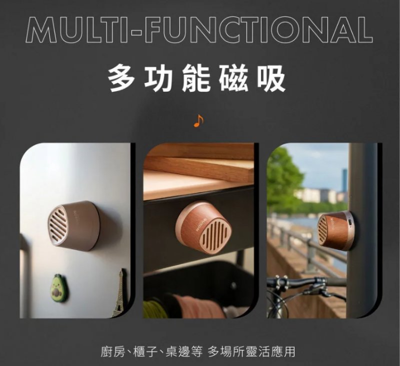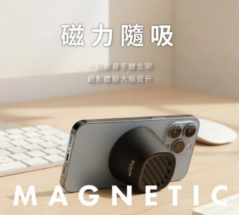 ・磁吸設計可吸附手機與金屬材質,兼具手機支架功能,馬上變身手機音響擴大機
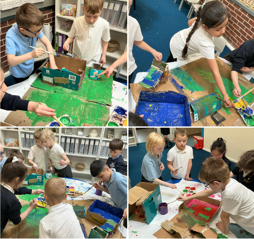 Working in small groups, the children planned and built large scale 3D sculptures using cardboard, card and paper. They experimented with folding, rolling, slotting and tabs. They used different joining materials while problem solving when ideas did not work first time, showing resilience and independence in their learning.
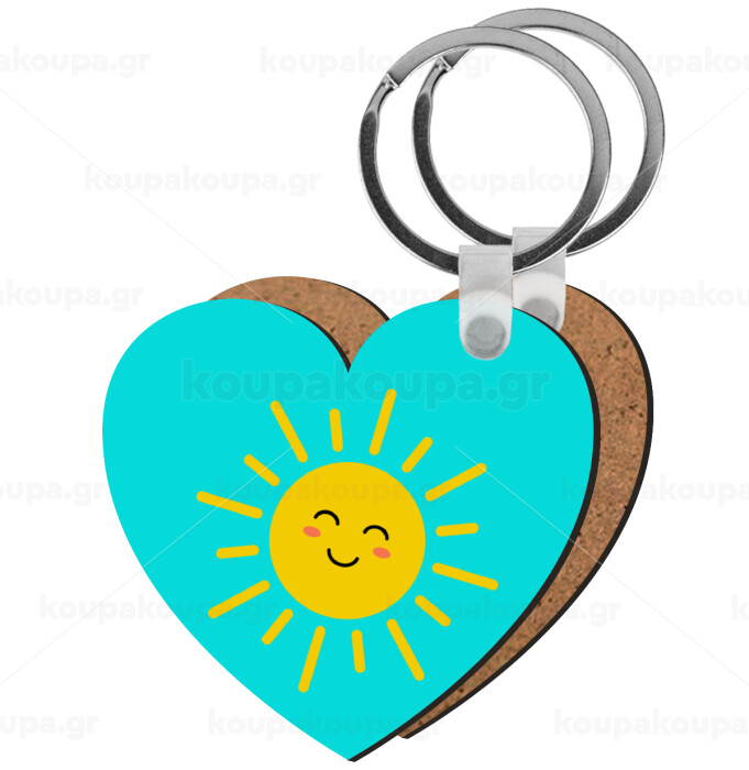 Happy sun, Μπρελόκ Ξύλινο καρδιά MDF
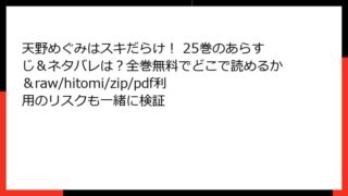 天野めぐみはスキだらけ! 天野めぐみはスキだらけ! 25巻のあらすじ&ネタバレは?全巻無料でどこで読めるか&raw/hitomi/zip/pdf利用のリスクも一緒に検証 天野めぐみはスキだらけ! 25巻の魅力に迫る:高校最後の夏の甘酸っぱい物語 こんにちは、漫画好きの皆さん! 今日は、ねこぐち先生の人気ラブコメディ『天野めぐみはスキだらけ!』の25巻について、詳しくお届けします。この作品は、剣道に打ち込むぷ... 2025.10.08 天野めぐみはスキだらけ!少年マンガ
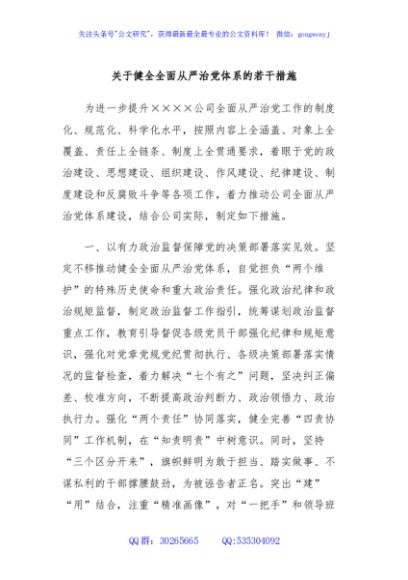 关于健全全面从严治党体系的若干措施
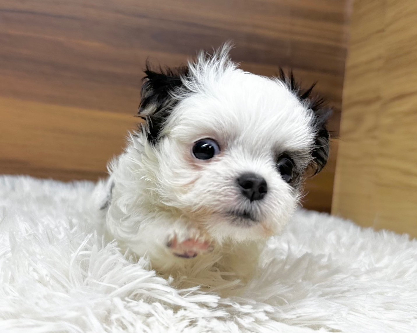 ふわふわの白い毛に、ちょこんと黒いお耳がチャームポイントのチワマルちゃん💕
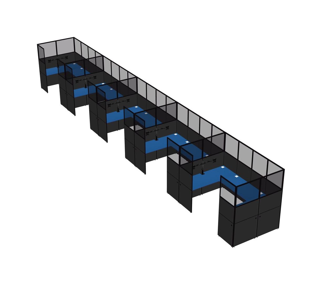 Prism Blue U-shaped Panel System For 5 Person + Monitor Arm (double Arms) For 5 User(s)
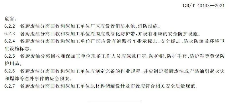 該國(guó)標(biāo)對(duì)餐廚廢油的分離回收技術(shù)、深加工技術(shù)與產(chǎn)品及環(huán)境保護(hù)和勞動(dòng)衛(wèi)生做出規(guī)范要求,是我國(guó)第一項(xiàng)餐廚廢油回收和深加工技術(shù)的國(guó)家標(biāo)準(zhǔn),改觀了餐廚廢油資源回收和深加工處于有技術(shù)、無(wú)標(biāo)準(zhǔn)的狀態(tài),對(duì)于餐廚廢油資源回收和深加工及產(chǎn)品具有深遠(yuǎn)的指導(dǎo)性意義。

——

* **About this exercise**: Take the lines from the one holding "ふわふわの白い毛に、ちょこんと黒いお耳がチャームポイントのチワマルちゃん💕" through the last line of the data above and copy them exactly, both ends included, omitting all pictures.

* **Result**:
 ふわふわの白い毛に、ちょこんと黒いお耳がチャームポイントのチワマルちゃん💕
 Prism Blue U-shaped Panel System For 5 Person + Monitor Arm (double Arms) For 5 User(s)
 該國(guó)標(biāo)對(duì)餐廚廢油的分離回收技術(shù)、深加工技術(shù)與產(chǎn)品及環(huán)境保護(hù)和勞動(dòng)衛(wèi)生做出規(guī)范要求,是我國(guó)第一項(xiàng)餐廚廢油回收和深加工技術(shù)的國(guó)家標(biāo)準(zhǔn),改觀了餐廚廢油資源回收和深加工處于有技術(shù)、無(wú)標(biāo)準(zhǔn)的狀態(tài),對(duì)于餐廚廢油資源回收和深加工及產(chǎn)品具有深遠(yuǎn)的指導(dǎo)性意義。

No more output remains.